5) Farklı insan gruplarının dünya görüşleri, ideolojileri ve
inanç sistemleri doğal olarak farklıdır. İdeal olan bu insan gruplarının tek
bir ana şemsiye altında birbirlerinin hayatlarına karışmadan
yaşayabilmeleridir. Bir devlet sistemi veya rejimin ömrünü belirleyende esas
olarak budur. Bir ülkedeki rejimi yok etmek isteyen odağın ilk inceleyeceği
konu, insanların arasındaki hoşgörü ve tahammülü nasıl ortadan kaldıracağı
konusudur. Sırf bu sebeple o ülkenin içine sızdırılmış “radikal” görüş
temsilcileri yıllar boyunca sabırlı propagandalarla o ülkedeki insan gruplarını
birbirine düşmanlaştırılma konusunda görev almış olabilirler.




6) Terör saldırılarının esas silahı bomba ve tüfekler değil
psikolojik araçlardır. Örgütlerin insanları propagandayla kendine çekip onları
militan olarak devşirmesi, militanın zaman içinde robotlaştırılıp bir ölüm
makinesine dönüştürülmesi ve terör eylemlerinin uygulanıp sonrasındaki
düşmanlaştırma safhalarının yerine getirilmesi hep psikolojik araçlar
kullanılarak yapılır.
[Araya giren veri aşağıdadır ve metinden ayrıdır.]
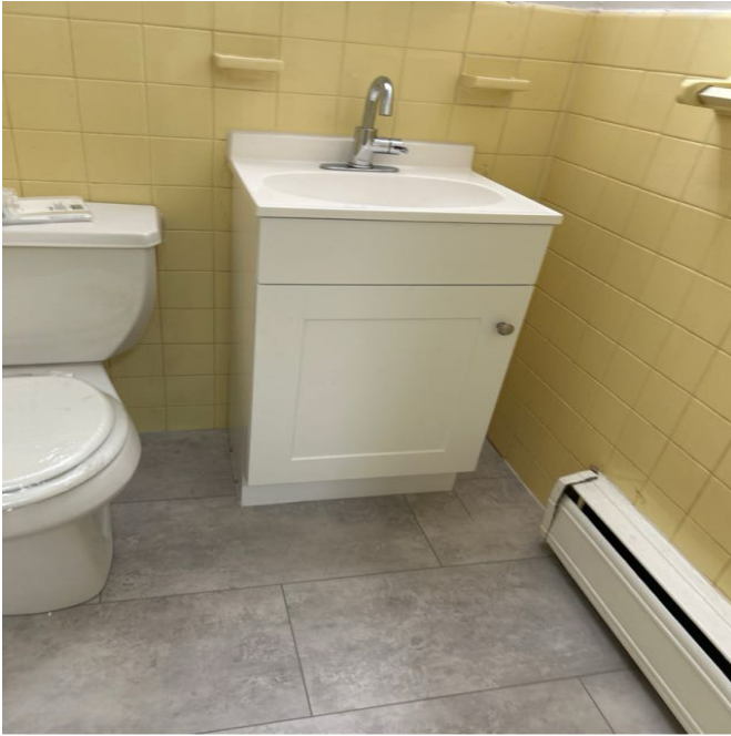
Amenity Name: Bathroom Upg-light

Bu sebeple terörle mücadele eden askeri ve polisiye
kuvvetlerin içinde mutlaka Sosyal Psikoloji ve Algı Yönetiminden çok iyi anlayan
gerçek uzmanların bulunması bir lüks değil şarttır.




7) Hedef ülkeye önemli miktarda yabancı göçmen girişi olmuşsa
bu tür eylemlerle ülke halkının göçmenlere olan tepkisi arttırılarak başka
çatışma alanlarının üretilmesi olasılık dahilindedir.
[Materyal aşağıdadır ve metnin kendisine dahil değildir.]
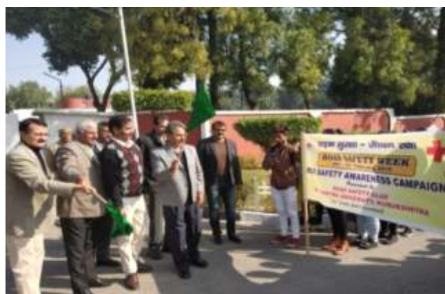
Flag off by Hon'ble Vice-Chancellor to start the awareness rally on 09.02.2019

8) Her “başarılı” terör eyleminde “içerden yardım” ihtimali
vardır. Bu konuda özellikle başka terör örgütlerinin o ülkenin güvenlik
birimleri içerisine sızdırmış olabileceği “uyuyan ”unsurlarının eylemi yapan
terör örgütüne yardımcı olabileceği konusu iyi analiz edilmelidir.




9) Ağır saldırı altındaki ülkelerde özellikle iç güvenliği
sağlayan polis kuvvetlerinin zamanla yıpranması ve görevlerini yapamaz hale
gelmesi mümkündür. Bu sebeple saldırı tehdidi altındaki mekanların korumasını
üstlenmiş özel güvenlik birimlerinin eğitim ve kalitelerinin arttırılması
polisin üzerindeki yükün alınması konusunda büyük önem taşımaktadır.




10) Saldırının hedeflediği insanların kimlikleri de ayrıca
incelenmelidir. Bu insanların gelir durumları, ülke içindeki etkinlikleri,
belli bir ortak cemaate veya siyasi görüşe mensup olup olmadıkları konusuna
dikkat edilmelidir. Her terör eyleminde eylemin amacının bazen katliam
görüntüsü altında tek kişiye suikast olabilme ihtimali de vardır. Özellikle
hayatını kaybedenlerin kimlikleri ve bağlantıları çok detaylıca incelenmelidir.
Hele kurbanlar dış ülkelerden gelmiş ve oranın etkili ailelerine mensuplarsa bu
tür bağlantılara çok daha fazla dikkat edilmelidir.